From what I understand based on discussions about filterByExpr, the default min.count and min.total.count values are generally recommended for most scenarios. However, there is an example in Section 4.10.3 of the EdgeR user's guide where these values are explicitly set in the function call:

keep.genes <- filterByExpr(y, group = y$samples$cluster, 
                           min.count = 10, min.total.count = 20)

Assuming I'm using glmQLFit and glmQLTest as demonstrated in the example in Section 4.10.3, how can I determine if these values are too high or too low? Additionally, when would you suggest modifying the default values?

Question 2

The EdgeR manual mentions that "glmQLFit gives special attention to handling of small counts and zero counts."

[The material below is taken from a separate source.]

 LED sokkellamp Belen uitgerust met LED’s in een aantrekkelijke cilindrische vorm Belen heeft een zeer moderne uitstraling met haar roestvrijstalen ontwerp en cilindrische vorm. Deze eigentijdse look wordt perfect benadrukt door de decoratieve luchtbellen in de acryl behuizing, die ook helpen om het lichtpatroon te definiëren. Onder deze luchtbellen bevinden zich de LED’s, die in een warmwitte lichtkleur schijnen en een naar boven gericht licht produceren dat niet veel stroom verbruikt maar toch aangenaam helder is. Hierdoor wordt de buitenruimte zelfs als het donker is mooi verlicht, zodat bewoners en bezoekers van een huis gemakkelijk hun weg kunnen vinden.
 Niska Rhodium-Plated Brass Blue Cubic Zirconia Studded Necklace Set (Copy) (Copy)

Does this imply that glmQLFit and glmQLTest can be used without filtering out low counts? Would you recommend this approach?

Thanks in advance!

edgeR DifferentialExpression • 3.6k views

ADD COMMENT • link updated 14 months ago by Gordon Smyth 53k • written 22 months ago by Jack S. ▴ 60

score 3 · Answer 1 · 2024-03-21

3

Entering edit mode

Gordon Smyth 53k

@gordon-smyth

Last seen 8 minutes ago

WEHI, Melbourne, Australia

The limma and edgeR User's Guides, case studies, documentation and online posts all consistently advise you to use filterByExpr with default settings. See for example

filterByExpr appears many times in the edgeR User's Guide, all but once with default settings. In the one example that you quote, min.total.count was increased to 20 because there were clusters with only 1 sample, so the author wanted to make sure there were at least 20 reads for each gene. To be honest, I don't think that was necessary and the argument could have been left at the default.

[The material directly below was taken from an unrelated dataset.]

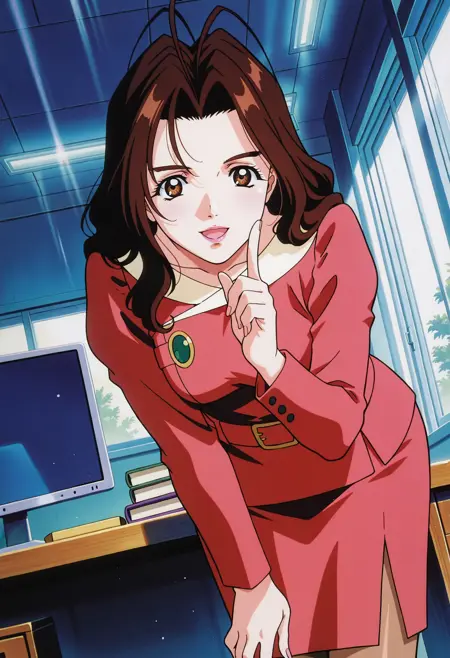 Base: aoigpx, 1girl, retro artstyle, anime coloring, solo, long hair, antenna hair, brown hair, black hair, brown eyes, wavy hair, lips, lipstick, aoi red dress, belt, pencil skirt, red skirt, long sleeves, brown pantyhose, medium breasts,

You are worrying about this unnecessarily. Sure, you can reduce the amount of filtering without adversely affecting an analysis. But why bother? You will generally just end up with including more non-DE genes in the analysis and perhaps reduce power a little bit.

The filterByExpr settings were chosen with small experiments in mind. The only time I would think about changing the parameter would be for experiments with a large number of samples. In that case, I might consider reducing min.count and min.prop. To judge whether the settings are appropriate, you simply look at the standard edgeR variance plots from plotBCV and plotSA.

ADD COMMENT • link 22 months ago Gordon Smyth 53k

1

Entering edit mode

Hi Gordon, never thought about changing the defaults of filterByExpr() with a large number of samples. You say that plotBCV() and plotSA() can be used to judge whether non-default values for min.count and min.prop are appropriate, but, and I hope I'm not asking something too trivial, how exactly. I've played a bit lowering min.count from 10 to 7 and min.prop from 0.7 to 0.5 in a dataset with more than 400 samples, and I see slightly larger BCV values and slightly smaller prior DFs, but how do I know when I'm setting better non-default values?

ADD REPLY • link 22 months ago Robert Castelo ★ 3.4k

2

Entering edit mode

It is the minimum group size rather than the total number of samples that is relevant.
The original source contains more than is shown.